Estimate Std. Error z value Pr(>|z|)

(Intercept)  -1.07309    0.13351  -8.037 2.12e-15 ***
IV (month)   0.04327    0.01785   2.424   0.0155 *


*# generalized linear model adapted to complex design via survey (we take
into account sampling weights):*

dclus5<- survey::svydesign(id= ~ID,  weights = WEIGHT, data = df_agg)

summary(survey::svyglm(DV ~ IV, design = dclus5, family = quasibinomial()))

Estimate Std. Error z value Pr(>|z|)

(Intercept)  -0.95961    0.15957  -6.014 2.38e-09 ***
IV (month)    0.02471    0.02133   1.159    0.247


As you can see, the results are almost the same from the models, except
when we take into account sampling weights. I hope that our problem is
clearly exposed

Thank you very much in advance for your help!

Corentin J Gosling

Wolfgang Viechtbauer

Fri, Mar 5, 2021 12:32 AM #

Dear Corentin,

I cannot answer your question directly, that is, to what extent those results are comparable to each other, although if svyglm() gives 'marginal' (population averaged) coefficients in the sense of what a GEE model would do, then one could argue that those should not be combined with 'conditional' coefficients that glmer() provides (searching for combinations of terms like "GEE, marginal, population averaged, logistic mixed-effects, conditional, subject-specific" should turn up relevant discussions / papers).
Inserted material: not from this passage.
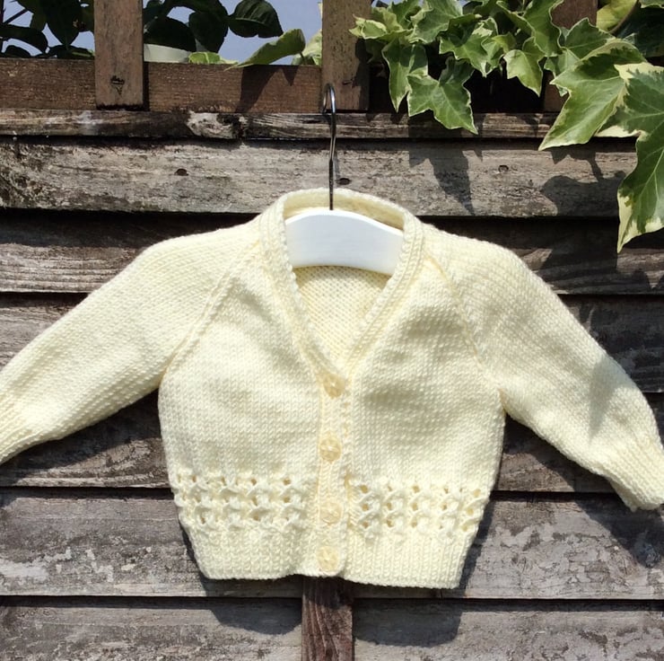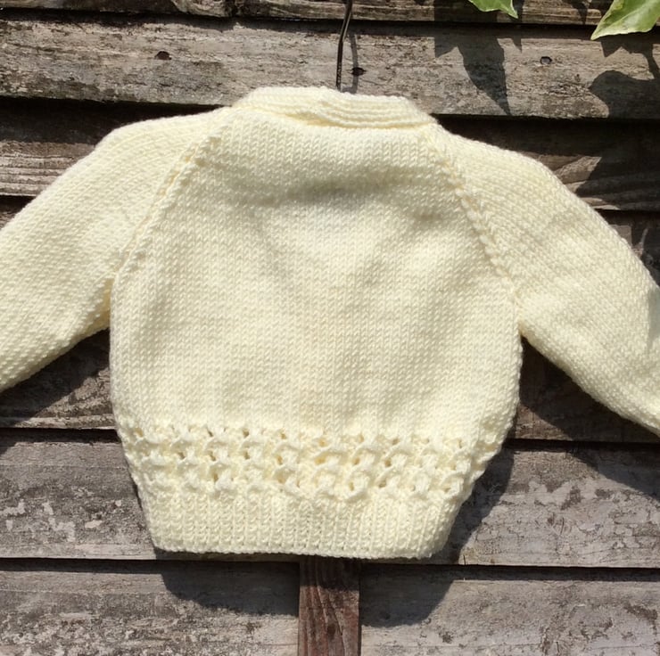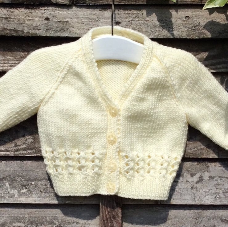 Gorgeous little baby cardigan hand knitted by me in my Suffolk home. I have used a top quality easy care baby yarn in a lovely neutral cream colour to knit this cardigan that has four matching baby buttons. A perfect addition to a little girl’s summer wardrobe. Made to fit a baby 6-12 months approximately.

But leaving this aside, one could also just approach this issue entirely empirically, that is, simply code the type of analysis / type of coefficient for each study and examine in a moderator analysis whether there are systematic differences between the different types.

Best,
Wolfgang

-----Original Message-----
From: R-sig-meta-analysis [mailto:r-sig-meta-analysis-bounces at r-project.org] On
Behalf Of GOSLING Corentin
Sent: Thursday, 04 March, 2021 11:29
To: r-sig-meta-analysis at r-project.org
Subject: [R-meta] IPD meta analysis / complex survey design

Dear all

I come back to you about the IPD meta-analysis we are conducting to explore
the effect of month of birth on the persistence of ADHD. I had already
asked for your help a few months ago when I was writing the protocol. We
have since completed our systematic review and started to include data from
different cohorts. As the month of birth is sensitive data, we do not ask
the authors to send us the raw data: we have constructed an R-script that
we send to the authors and which performs the analyses automatically and
shares the anonymised results. We then carry out a classic two-stage
meta-analysis based on summary results.

We are facing a new challenge that we did not anticipate. Several studies
involve complex survey design. Some studies have clusters (e.g., twin
cohorts or assessments of several regular siblings per family), while
others have even more complex sampling (and include for example sampling
weights, stratum or finite population correction (fpc)). Some studies
include both (clusters + stratum/weights/fpc).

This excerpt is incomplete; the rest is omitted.